The Income-Based Repayment Swap: A New Method for Funding Law School Education
Benjamin M. Leff
American University Washington College of Law
American University - Washington College of Law
July 9, 2013
The high cost of legal education and corresponding student debt levels is a subject of robust debate. Yet too few critics of degree cost show creativity in thinking about the optimal mechanism for funding a legal education. The traditional model for financing a legal education is that students borrow with (mostly) fixed-rate loans repayable soon after graduation. The federal government supplements loans with income-based repayment and loan forgiveness programs to protect students who have borrowed more than they can afford to pay back. The reach of these programs has expanded dramatically in recent years, with the programs covering 1.3 million graduates owing around $72 billion as of the first quarter of 2014, with every indication that those figures will grow dramatically unless the programs are modified. A significant segment of those who depend on income-based repayment and loan forgiveness programs will be law students, because those are among the students with the highest levels of qualifying debt.
For over half a century, some critics have argued that private income-based repayment instruments, traditionally called “human capital contracts,” would do a better job than debt in creating a market for education financing, especially for graduate professional schools. Recently, proponents of human capital contracts have been arguing not only that such instruments would do a better job than debt of raising capital for students wishing to obtain an education, but that a vibrant market for human capital contracts (sometimes called “income share agreements”) could provide benefits that governmental IBR programs fail to provide. For example, they argue that human capital contracts could remove incentives for students to over-borrow, diminish law schools’ price insensitivity, and provide market data to students about the financial value of their education. But proponents of human capital contracts point out that there are legal and practical impediments to the development of a market for human capital contracts.
This Article proposes — and explores the implications of — a new model of law-school financing called an income-based repayment swap (“IBR Swap”).
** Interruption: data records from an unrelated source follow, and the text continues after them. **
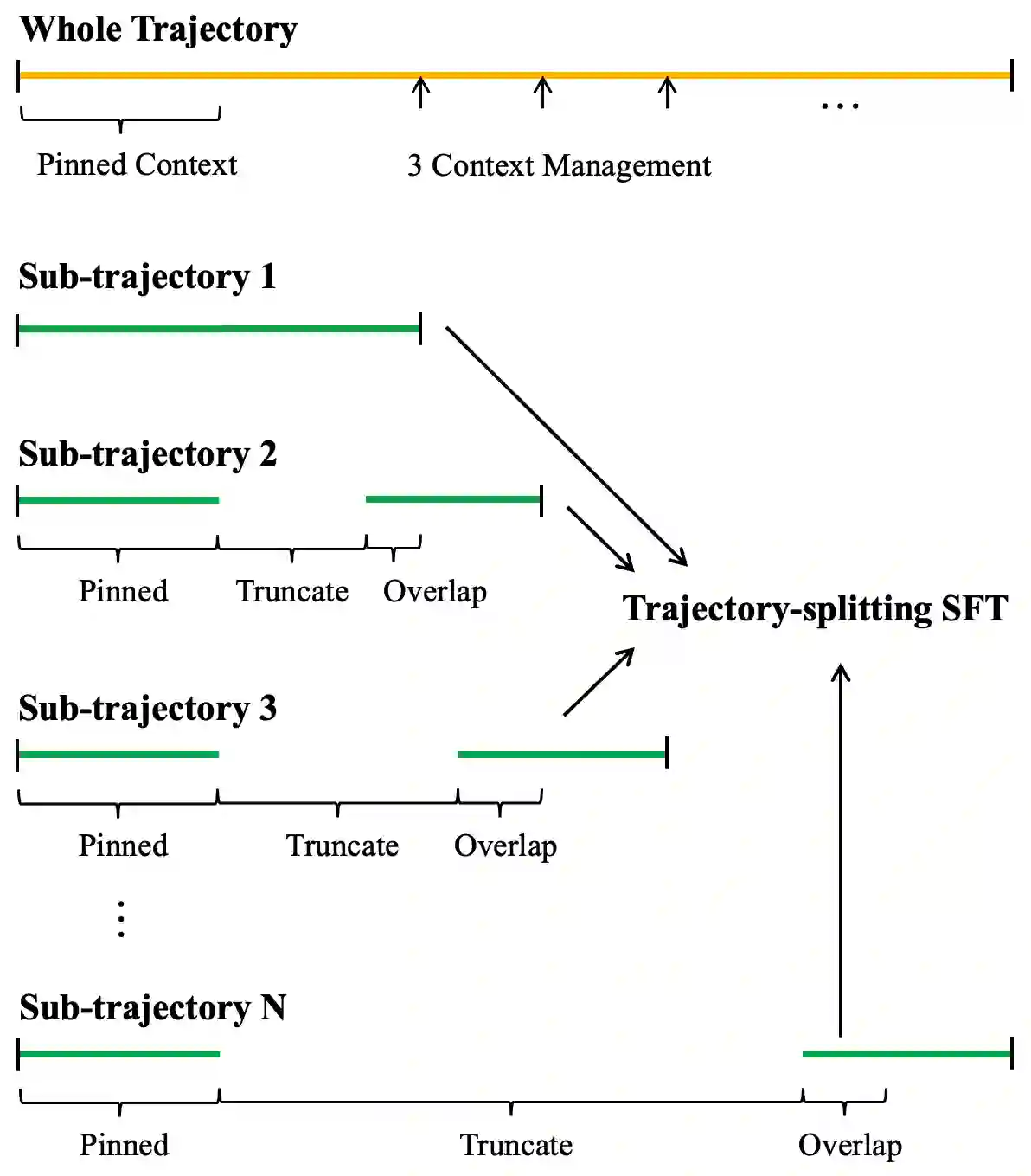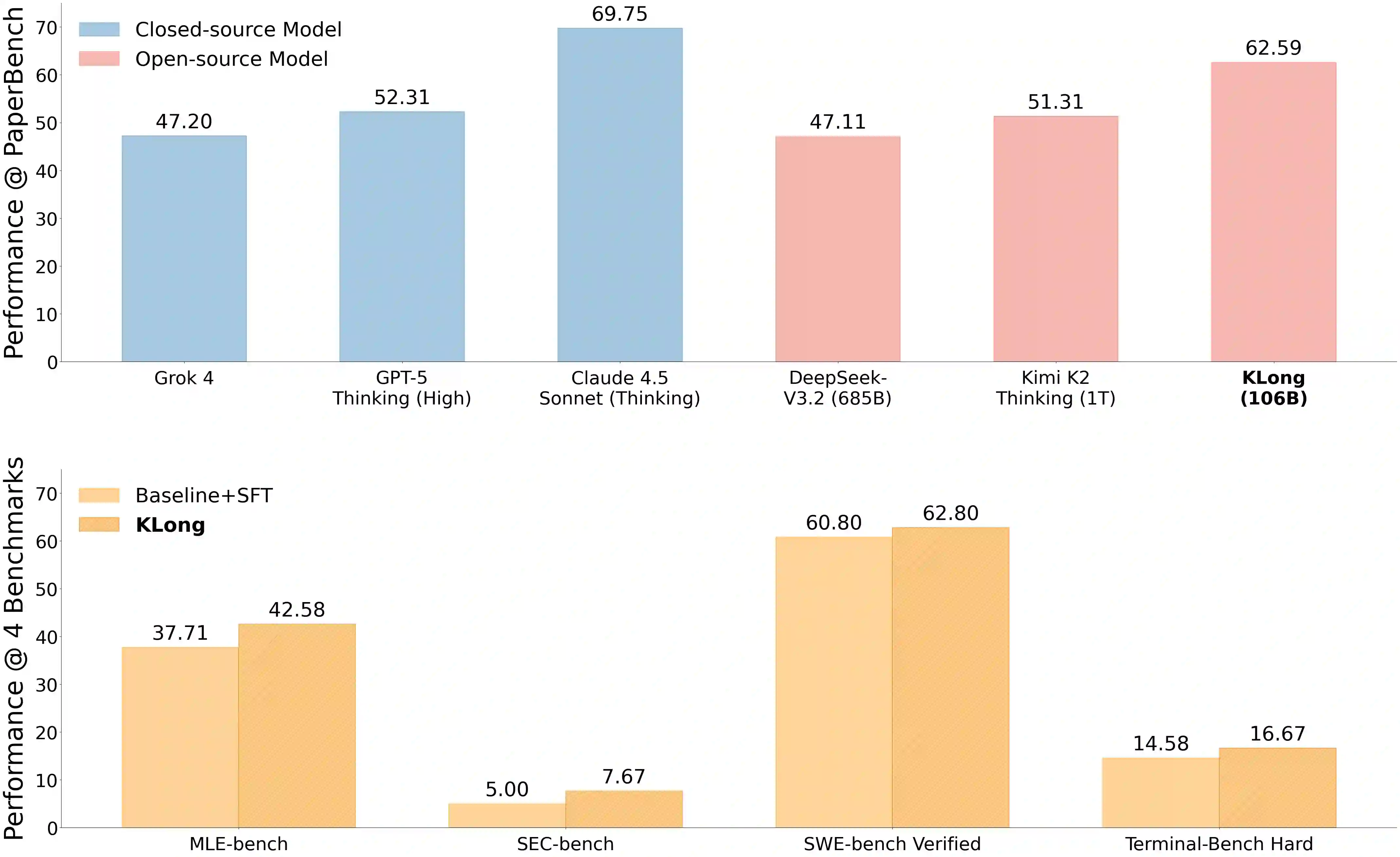 翻译:本文介绍KLong,一种用于解决超长程任务的开源LLM智能体。其核心原理是首先通过轨迹分割监督微调实现冷启动,随后通过渐进式强化学习进行规模化训练。具体而言,我们首先通过综合性的监督微调方案激活基础模型的基础智能体能力。随后,我们引入Research-Factory——一个通过收集研究论文并构建评估准则来自动生成高质量训练数据的流水线。利用该流水线,我们从Claude 4.5 Sonnet(思考版)中蒸馏构建了数千条长程轨迹。为处理这些超长轨迹的训练,我们提出了一种新的轨迹分割监督微调方法,该方法保留早期上下文,逐步截断后续上下文,并保持子轨迹间的重叠部分。此外,为进一步提升长程任务解决能力,我们提出了一种新颖的渐进式强化学习方法,该方法将训练规划为多个阶段,并逐步延长超时阈值。实验证明了KLong的优越性与泛化能力,如图1所示。值得注意的是,我们提出的KLong(106B)在PaperBench上以11.28%的优势超越Kimi K2 Thinking(1T),且性能提升可泛化至SWE-bench Verified和MLE-bench等其他代码评测基准。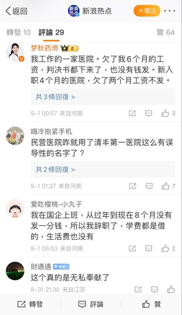 標題[新聞] 8個月只發千元人民幣!河南醫師集體討薪
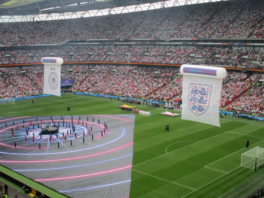 I was sat in the top tier but thankfully there were escalators up to it. The view though was amazing from up in the gods though (I wasn’t that far back, three rows from the front of the tier)! I went back into the concourse area for some food and a few nerve calming drinks! The teams were announced and Sarina Wiegman had picked the same starting 11 for England for the sixth game in a row at the Euro’s! I missed the pre-match show from Becky Hill, and got back to me seat just before the sides came out. It was another WOW moment walking back into the stadium and seeing Wembley full for the final! The national anthems were sung, Tiny Buzz brought the ball on and then it was time for the match to get underway!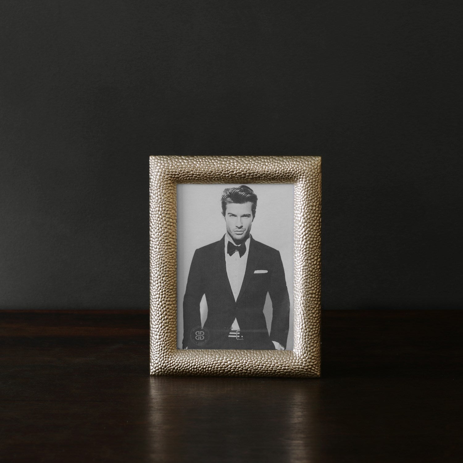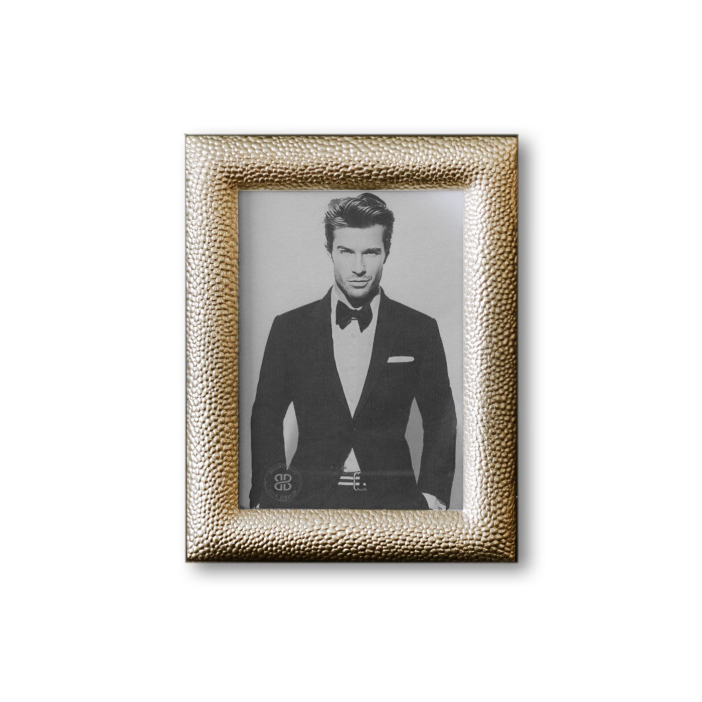 The shimmering Georgina frame features a modern and exciting proprietary metallic gold-tone finish, and a texture reminiscent of shagreen. Designed to display a 5x7 photo (vertically or horizontally), the luxe frame looks amazing on a desk, mantle, or table. The delightfully decorative piece adds a modern new edge to Beatriz Ball’s award-winning designs. These products are intensely handmade products use eco-friendly and sustainable materials and are crafted by artisans who trace a heritage of metalworking for generations. Made of a top quality, easy-care, aluminum alloy. Tarnish free!

Under an IBR Swap, students still borrow money from a bank or the government to pay for their legal education. But students then enter into contracts with a financial institution under which the institution agrees to make the students’ loan payments and the student agrees to pay the institution a percentage of his or her income. The IBR Swap is a student’s exchange of a fixed obligation to lenders for an income-based obligation to a financial institution. The parties exchange no money upfront. The IBR Swap has all the benefits of human capital contracts, but greatly diminishes the primary practical impediment: repayment risk, and does not suffer from the same legal barriers. Thus, unlike a human capital contract or income share agreement, a market for IBR Swaps could be created with no changes to current law. However, the IBR Swap (like human capital contracts) raises concerns as well, including legal, distributional, and ethical ones. This Article presents the IBR Swap in order to incite critical consideration of both the potential and the limitations of private-market mechanisms for law school finance. As such, it should advance assessment of what is the most impactful role for the government in ensuring access to law school.